These are the key concepts you need to understand to accurately answer the question.

Wave Frequency
Wave frequency is a fundamental aspect of wave physics, representing how many waves pass a point per second. In our problem, we calculated the frequency using the formula:
  • Formula: \( v = f \lambda \)
  • Where \( v \) is wave speed, \( f \) is frequency, and \( \lambda \) is wavelength.
Inserting the given values, \( v = 36.0 \text{ m/s} \) and \( \lambda = 1.80 \text{ m} \), we solve for frequency:\[ f = \frac{36.0}{1.80} = 20.0 \text{ Hz} \]This outcome tells us that 20 waves pass by any point on the string every second. Understanding wave frequency helps in deciphering how fast a wave is oscillating, which is crucial in predicting wave behaviors in different environments.
Angular Frequency
Angular frequency, denoted as \( \omega \), relates to how quickly the wave oscillates in terms of radians per second. Unlike the normal frequency, it uses radians to describe oscillations rather than cycles.
  • Formula: \( \omega = 2\pi f \)
  • \( f \) is the wave frequency.
By substituting the frequency \( f = 20.0 \text{ Hz} \), the angular frequency \( \omega \) is calculated as:\[ \omega = 2\pi \times 20.0 = 40\pi \text{ rad/s} \]This means the wave completes \( 40\pi \) radians every second. Angular frequency is essential in wave studies as it provides a more precise measure of wave oscillation for calculations involving complex wave interactions.
Wave Number
The wave number \( k \) defines the number of wave cycles in a unit distance and is essential for understanding wave propagation. The formula for determining the wave number is:
  • Formula: \( k = \frac{2\pi}{\lambda} \)
  • \( \lambda \) is the wavelength.
Given \( \lambda = 1.80 \text{ m} \), the wave number is:\[ k = \frac{2\pi}{1.80} = \frac{10\pi}{9} \text{ m}^{-1} \]This result indicates there are \( \frac{10\pi}{9} \) cycles per meter along the string. Understanding the wave number is important for analyzing spatial properties of waves, such as wave fronts and interference patterns.
Wave Function
The wave function describes how each point on a medium vibrates over time in a wave. For transverse waves like this one, the wave function is given by:
  • Formula: \( y(x, t) = A \sin(kx - \omega t + \phi) \)
  • \( A \) is the amplitude, \( k \) is the wave number, \( \omega \) is angular frequency, and \( \phi \) is phase constant.
In this context, the wave function becomes:\[ y(x, t) = 2.5 \sin\left(\frac{10\pi}{9}x - 40\pi t + \frac{\pi}{2}\right) \]This expression shows the displacement of any point at a location \( x \) at a time \( t \).
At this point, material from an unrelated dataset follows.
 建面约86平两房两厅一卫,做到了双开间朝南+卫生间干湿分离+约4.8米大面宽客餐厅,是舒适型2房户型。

It's a powerful tool to predict wave behavior across different regions of the string, crucial for various applications like generating and interpreting wave patterns.
Transverse Velocity
Transverse velocity describes how fast a single point on the string moves up and down as the wave travels along it. The maximum transverse velocity, \( v_{max} \), happens when the rate of change of wave function is greatest.
  • Formula: \( v_{max} = A \omega \)
  • \( A \) is amplitude and \( \omega \) is angular frequency.
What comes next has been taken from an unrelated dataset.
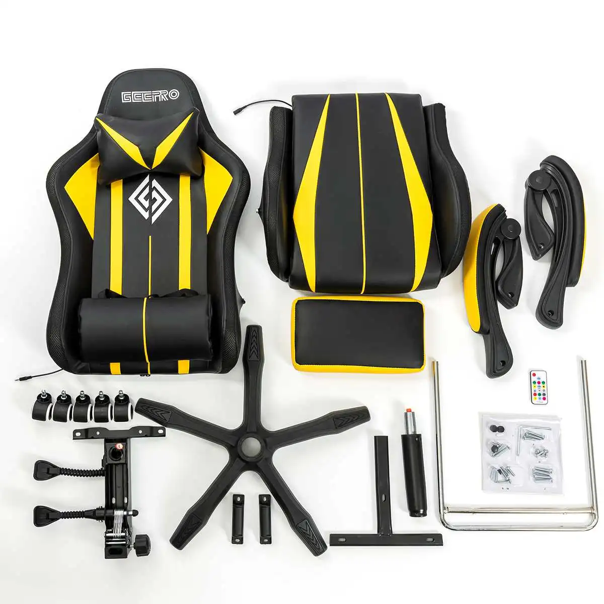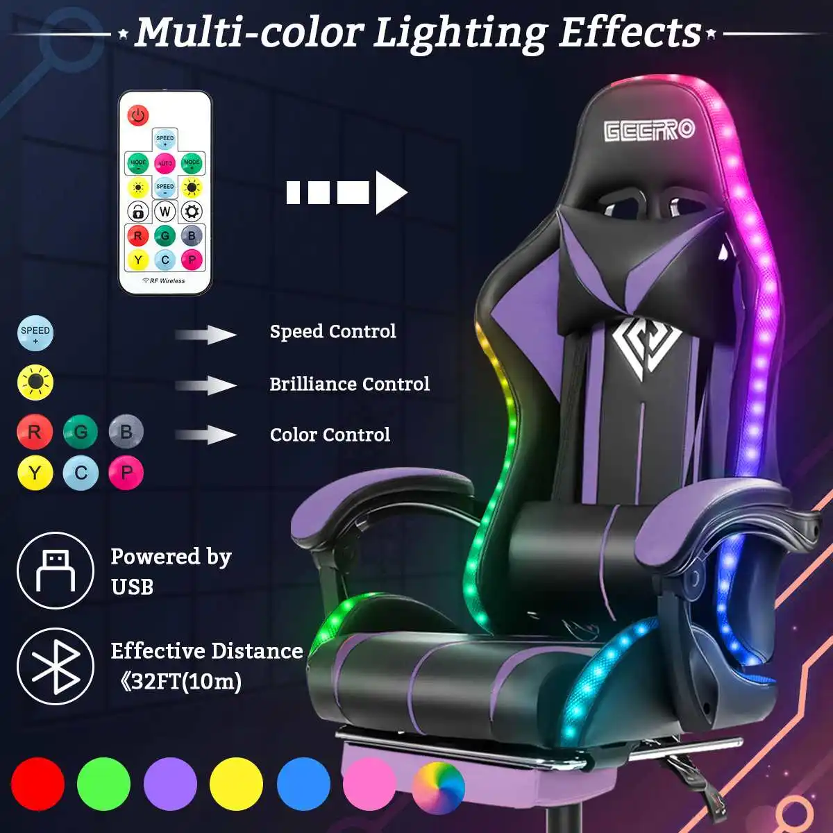 Colorful RGB LED Lights: The chair features LED lights on the back and seat edges, with multiple lighting modes and brightness levels adjustable via remote control, adding a dynamic touch to your gaming space.

Substituting the parameters \( A = 2.5 \text{ mm} = 0.0025 \text{ m} \) and \( \omega = 40\pi \text{ rad/s} \), we find:\[ v_{max} = 0.0025 \times 40\pi = 0.1\pi \text{ m/s} \]The transverse velocity is important in determining how kinetic energy is transferred through the medium. Understanding this helps in applications like acoustics and predicting how materials will respond to wave-induced vibrations.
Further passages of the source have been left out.